## Problem description
Produce a word-for-word copy of the lines from the one that contains "Slika 14. Prikaz gotove skice 2" to the final line of the data below, with all pictures dropped.

## Provided information
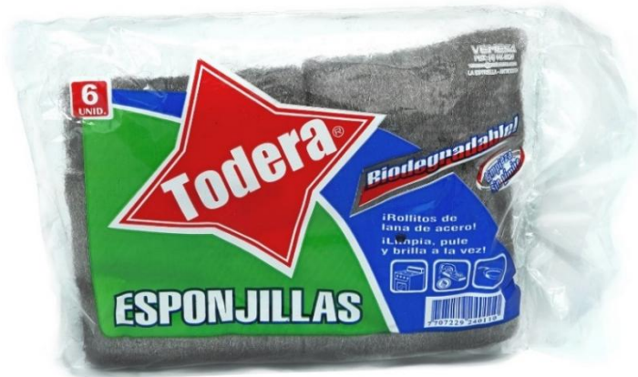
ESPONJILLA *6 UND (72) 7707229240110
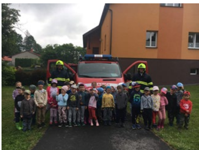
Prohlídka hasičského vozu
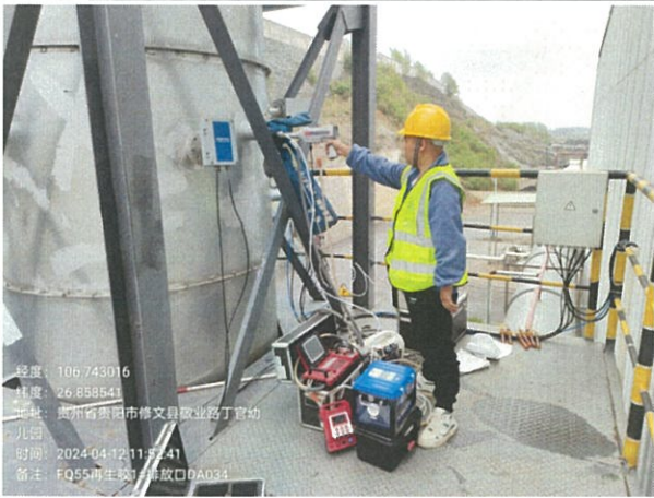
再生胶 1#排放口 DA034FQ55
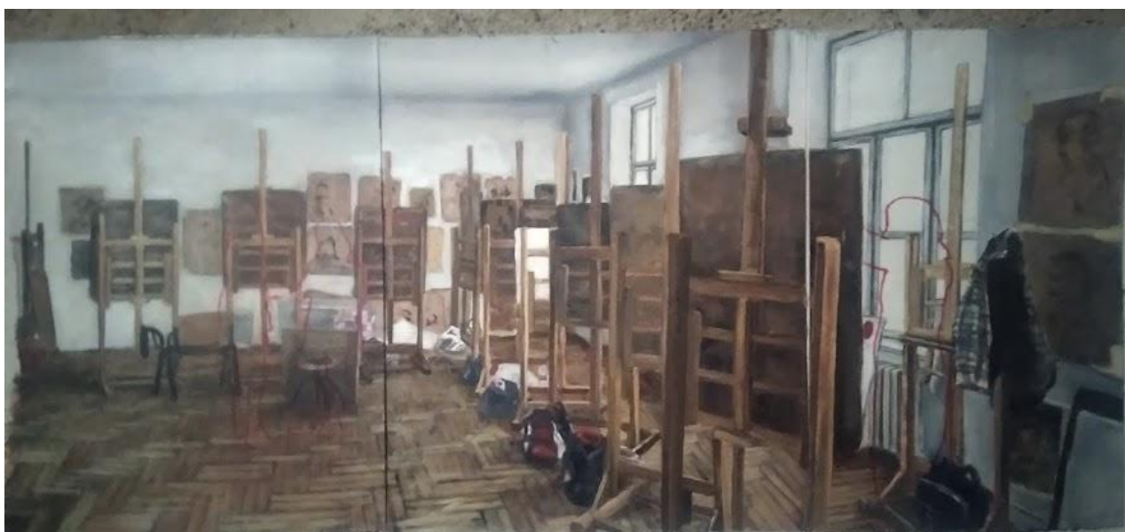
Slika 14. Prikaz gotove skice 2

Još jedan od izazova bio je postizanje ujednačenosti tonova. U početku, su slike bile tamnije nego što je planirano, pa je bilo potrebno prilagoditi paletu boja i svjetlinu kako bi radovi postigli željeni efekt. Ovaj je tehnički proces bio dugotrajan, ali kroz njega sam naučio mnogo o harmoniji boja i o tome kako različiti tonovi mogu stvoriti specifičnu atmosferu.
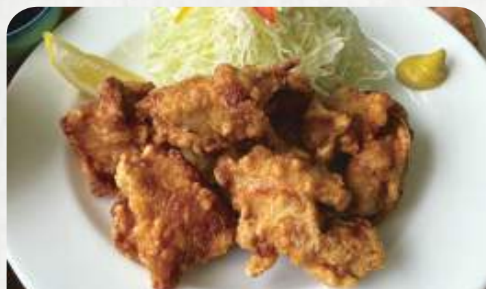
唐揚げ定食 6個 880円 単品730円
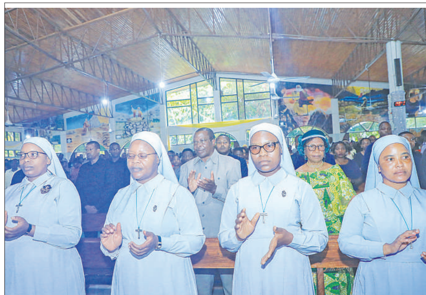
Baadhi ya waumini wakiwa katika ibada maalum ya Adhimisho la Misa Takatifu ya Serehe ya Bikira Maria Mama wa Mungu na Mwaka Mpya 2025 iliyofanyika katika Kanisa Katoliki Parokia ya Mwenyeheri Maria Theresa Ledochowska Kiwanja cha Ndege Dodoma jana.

## Solution
Slika 14. Prikaz gotove skice 2

Još jedan od izazova bio je postizanje ujednačenosti tonova. U početku, su slike bile tamnije nego što je planirano, pa je bilo potrebno prilagoditi paletu boja i svjetlinu kako bi radovi postigli željeni efekt. Ovaj je tehnički proces bio dugotrajan, ali kroz njega sam naučio mnogo o harmoniji boja i o tome kako različiti tonovi mogu stvoriti specifičnu atmosferu.
唐揚げ定食 6個 880円 単品730円
Baadhi ya waumini wakiwa katika ibada maalum ya Adhimisho la Misa Takatifu ya Serehe ya Bikira Maria Mama wa Mungu na Mwaka Mpya 2025 iliyofanyika katika Kanisa Katoliki Parokia ya Mwenyeheri Maria Theresa Ledochowska Kiwanja cha Ndege Dodoma jana.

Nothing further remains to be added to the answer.